Elevate your baking skills by learning these finer details of chocolate.

This December, we’re going to show you how you can achieve great taste using everyone's favorite treat: chocolate. This content was created in partnership with Food52.

We think we have chocolate figured out. We put it in a drawer; a cookie; our favorite frosting. But learning the finer points of cacao can only enhance our love and enjoyment of our favorite year-round treat — and knowing how to choose the right bar for baking is more nuanced than you’d think.

A standard chocolate bar is made up of three components of varying proportions: Chocolate liquor (another way of saying the meat of the cacao bean), cocoa butter (the naturally occurring fat in the cacao bean), and sugar. The ratio of these three ingredients (measured by weight) determines not only the taste of the finished chocolate, but also its texture and behavior when used in baked goods.

Dark chocolate has a high proportion of chocolate liquor; in other words, it contains less sugar and little to no cocoa butter. A chocolate bar with a high percentage of cacao will be less sweet, more bitter and less soluble as you increase its proportion to the other ingredients in a recipe. The quality of the bean and its processing is very important here, since it is the predominant source of flavor.
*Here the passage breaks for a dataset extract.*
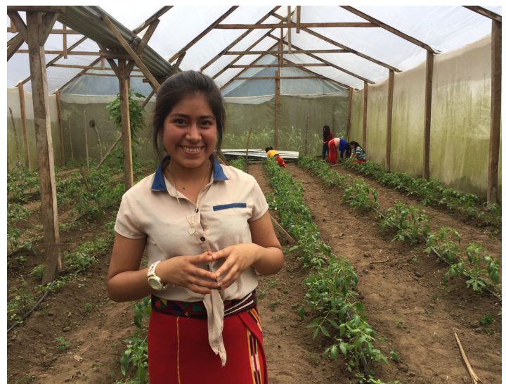
Jóvenes integrantes de la Asociación de Desarrollo Integral de Acul – ADIESA – ACUL Nebaj, produciendo hortalizas bajo condiciones controladas.

Semisweet or bittersweet chocolate must contain at least 35 percent percent chocolate liquor, but you’re likely to find bars under this classification with up to 70 percent cacao. Dark chocolate is a wonderful bitter complement for sweets; chop up a bar and fold it into cookies, melt it for ganaches and glazes, or turn it into ice cream or hot chocolate. Baking chocolate (or unsweetened chocolate) is 100 percent cacao and used as a base in sweet confections like brownies, cakes, and cookies for its rich chocolate flavor.

Live.Love.Lux Tip: Baking chocolate treats this winter? With an Electrolux wall oven you’ll never have to worry about uneven baking temperatures — thanks to convection technology.

When it comes to baking, the best policy is to stick to the cacao percentage instructed in the recipe — if it calls for semisweet or bittersweet but doesn’t specify a percentage, you’ll be safe not exceeding 60 percent.

Milk chocolate contains at least 10 percent chocolate liquor and contains a higher percentage of milk and sugar. The result is a creamier chocolate that lends itself as a source of sweetness, flavor and texture in recipes for candy bars, cookies, glazes, sauces and frostings. It’s also a wonderful bar to eat as is, since it tastes like a confection all on its own.

True white chocolate contains no chocolate liquor and is made from cocoa butter, milk, sugar, and flavorings, like vanilla bean. Mass-produced white chocolate is often made with vegetable fat instead of cocoa butter, but this compromises the luscious silky texture of the traditional treat. White chocolate can be used much like milk chocolate — with an obvious difference in flavor — in anything from candy bars to frostings to cookies. Similarly, it can be quite sweet, so you’ll want to look at it as an additional source of sugar when baking.